Now, run it through digital normalization::
/usr/local/share/khmer/scripts/normalize-by-median.py -x 1e9 -N 4 -k 20 -C 20 -p SRR390202.pe.qc.fq.gz --savehash normC20k20.kh
/usr/local/share/khmer/scripts/normalize-by-median.py -x 1e9 -N 4 -k 20 -C 20 SRR390202.se.qc.fq.gz --savehash normC20k20.kh --loadhash normC20k20.kh
The above commands produce '.keep' files; the first command normalizes the
paired-end file (-p) and the second does the single-end file.

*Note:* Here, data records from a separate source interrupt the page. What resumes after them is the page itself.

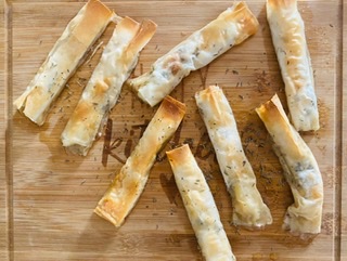 IPPré-aqueça o forno a 180g. Estenda uma folha de massa filo numa bancada. Pincele a superfície generosamente com manteiga. Corte a folha em 4 quadrados ou retângulos (dependendo do tamanho). Coloque o tomilho na borda de cada quadrado. Dobre a borda cerca de 2 cm / ¾ “e pincele com um pouco de manteiga. Esfarele um pouco de queijo de cabra na borda oposta. Polvilhe um pouco de mel ao lado do queijo. Comece a enrolar a massa do lado do queijo, em direção ao tomilho, até ficarem com aspecto de charuto. Coloque numa travessa coberta com papel manteiga. Pincele com a manteiga restante. Leve ao forno por cerca de 15 minutos, até ficar crocante e dourar. Sirva imediatamente.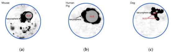 The morphology of a heterochromatin mass (karyosphere) in SN or SN-related oocytes is distinct in different mammals. The differences mainly concern the karyosphere compactness and NLB size (Figure 2).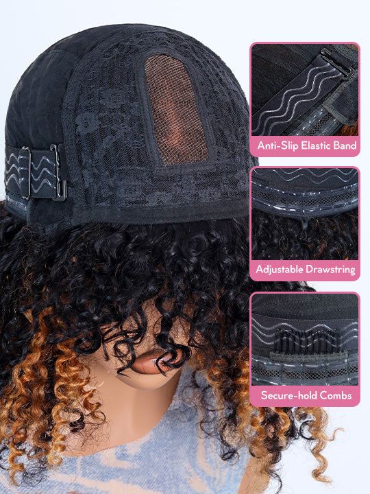 | Wig Type | Kinky Curly Bob Wig With Bangs |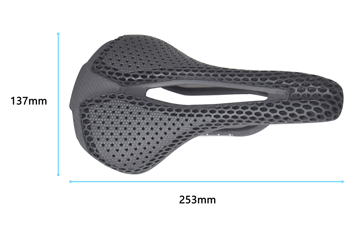 This high-performance saddle combines 3D-printed cushioning with a lightweight carbon fiber base. It offers excellent shock absorption, breathability, and ergonomic support to reduce pressure during long rides. Ultra-light, durable, and designed for road, mountain, and gravel cycling, it delivers superior comfort and efficiency for every rider.

Now, remove low-abundance k-mers as likely errors::
/usr/local/share/khmer/scripts/filter-abund.py normC20k20.kh *.keep
This will produce a set of files '.abundfilt' that contain the error-trimmed
data. The paired-end abundfilt file will contain newly orphaned reads now,
ones where left or right reads were removed without their pair being removed;
the following command separates orphans into a .se file, while paired reads
are placed in a .pe file::
/usr/local/share/khmer/scripts/extract-paired-reads.py *.pe.qc.fq.gz.keep.abundfilt
After error trimming, we run another round of digital normalization::
/usr/local/share/khmer/scripts/normalize-by-median.py -k 20 -C 5 -x 2e8 -N 4 -p *.abundfilt.pe --savehash normC5k20.kh
/usr/local/share/khmer/scripts/normalize-by-median.py -k 20 -C 5 -x 2e8 -N 4 *.abundfilt.se *.se.qc.fq.gz.keep.abundfilt --loadhash normC5k20.kh --savehash normC5k20.kh
on the PE and SE files variously. We now end with three files: ``SRR390202.pe.qc.fq.gz.keep.abundfilt.pe.keep``, ``SRR390202.pe.qc.fq.gz.keep.abundfilt.se.keep``, and ``SRR390202.se.qc.fq.gz.keep.abundfilt.keep``. The first file is still paired end/interleaved (try typing ``head SRR390202.pe.qc.fq.gz.keep.abundfilt.pe.keep``) and the other two contain only orphaned sequences (left OR right, never both).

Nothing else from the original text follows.